= List of Toyota engines =

This is a list of piston engines developed, independently or with other car companies, by Toyota Motor Corporation.

==Engine codes==
Toyota has produced a wide variety of automobile engines, including three-cylinder, four-cylinder, V6, V8, V10, and V12 engines. The company follows a naming system for their engines:
1. The first numeric characters specify the engine block's model (usually differed by displacement)
2. The next one or two letters specify the engine family
3. The suffix (separated by a dash) specifies the features of the engine:

| Suffix | Feature | Example Engine |
|---|---|---|
| A | Valvematic variable lift intake head | 1ZR-FAE |
| B | Before 2000 indicates twin SU-style side-draft carburetors After 2000 indicates E85 Ethanol fuel.^{[citation needed]} | 3UR-FBE |
| C | Carbureted California Emissions Controlled | 3S-FC 2S-C |
| D | Twin downdraft carburetors Toyota engines manufactured by Daihatsu without VVT-i | 1KR-DE |
| E | Multi-point fuel injection | 3VZ-E |
| F | Normal cylinder head DOHC | 1G-FE |
| G | Performance cylinder head DOHC | 1G-GEU |
| H | High compression High pressure charged | 2L-THE |
| I | Single-point fuel injection | 4S-Fi |
| J | Autochoke (early models) Pollution control for commercial cars in Japan |  |
| K | On-demand Atkinson cycle in non-hybrid engines | M20A-FKS |
| L | Transverse | 1S-L |
| M | Philippines' market (meaning unknown) |  |
| N | CNG fuel | 5S-FNE |
| P | LPG fuel | 3Y-P |
| R | Low Compression (For 87 and below octane fuel) |  |
| S | Swirl intake (1980s) D-4S gasoline direct injection | 3A-SU 1JZ-FSE |
| T | Turbocharged | 2JZ-GTE |
| U | With catalytic converter Japan-spec emissions | 3Y-EU |
| V | D-4D diesel common rail direct injection system Toyota engines manufactured by Daihatsu with VVT-i | 1GD-FTV 1NR-VE |
| X | Hybrid Atkinson cycle | M20A-FXS |
| Z | Supercharged | 4A-GZE |

Other manufacturers may modify the engine after it has left the Toyota factory but the engine still keeps the original Toyota designation. For example, Lotus added a supercharger to the 2ZZ-GE in some versions of the Lotus Elise and Exige, but the engine is still labelled 2ZZ-GE, not 2ZZ-GZE.

Examples:

- 3S-GTE
  - 3S – Third model in the S engine family
  - G – Performance cylinder head DOHC
  - T – Turbocharged
  - E – Multi-point fuel injection
- 1UR-FSE
  - 1UR – First model in the UR engine family
  - F – Normal cylinder head DOHC
  - S – D-4S Gasoline direct injection
  - E – Multi-point fuel injection
- 1KD-FTV
  - 1KD – First model in the KD engine family
  - F – Normal cylinder head DOHC
  - T – Turbocharged
  - V – D-4D diesel common rail direct injection

The use of "G" to denote twin cam engines was decided on in 1971, with the renaming of the 10R into 8R-G. Before that, twin cams had received separate numerical codes.

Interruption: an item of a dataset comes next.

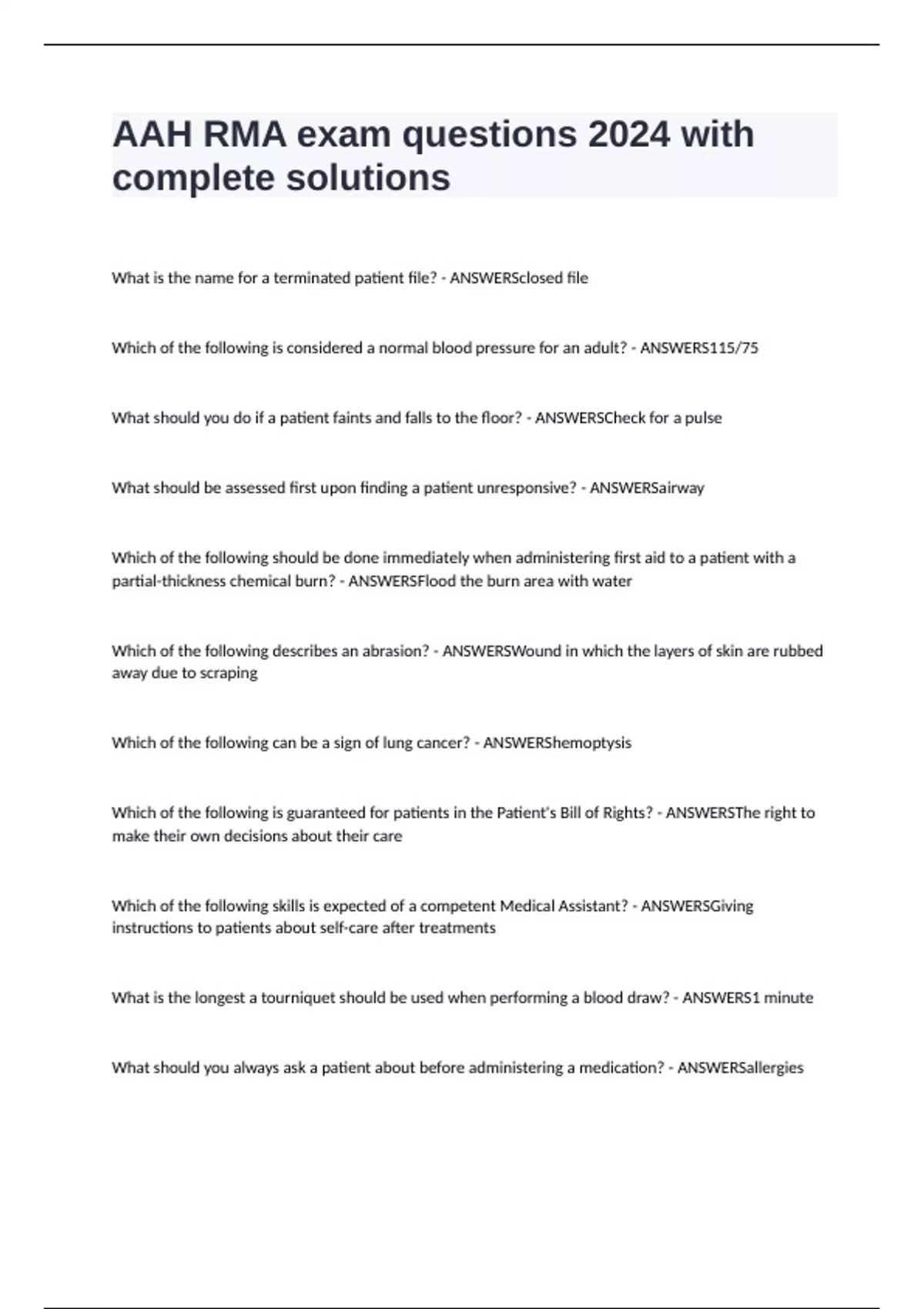 AAH RMA exam questions 2024 with complete solutions What is the name for a terminated patient file? - ANSWERSclosed file Which of the following is considered a normal blood pressure for an adult? - ANSWERS115/75 What should you do if a patient faints and falls to the floor? - ANSWERSCheck for a pulse What should be assessed first upon finding a patient unresponsive? - ANSWERSairway Which of the following should be done immediately when administering first aid to a patient with a partial-thickness chemical burn? - ANSWERSFlood the burn area with water Which of the following describes an abrasion? - ANSWERSWound in which the layers of skin are rubbed away due to scraping Which of the following can be a sign of lung cancer? - ANSWERShemoptysis Which of the following is guaranteed for patients in the Patient's Bill of Rights? - ANSWERSThe right to make their own decisions about their care Which of the following skills is expected of a competent Medical Assistant? - ANSWERSGiving instructions to patients about self-care after treatments What is the longest a tourniquet should be used when performing a blood draw? - ANSWERS1 minute What should you always ask a patient about before administering a medication? - ANSWERSallergies

In 1987, Toyota began assigning dual letter engine codes to some of the "engine family" categories in some engine lines, particularly six-cylinder models. This can create potential confusion. E.g. 1MZ-FE – This is not a supercharged, narrow angle, fuel injected M-series engine, but a narrow angle, fuel injected MZ-series engine. Confusion is easiest to avoid when using the dash to separate between the engine series and its own characteristics: for instance, 1MZ-FE rather than 1M-ZFE.

Starting in 2015, the designations after the dash have a maximum combination of three letters, even though there are more suffixes applicable, especially when newer engine technologies are introduced. For example, both the 2GR-FKS and 8AR-FTS engines have electronic multi-point fuel injection, but the "E" suffix is not included in the code.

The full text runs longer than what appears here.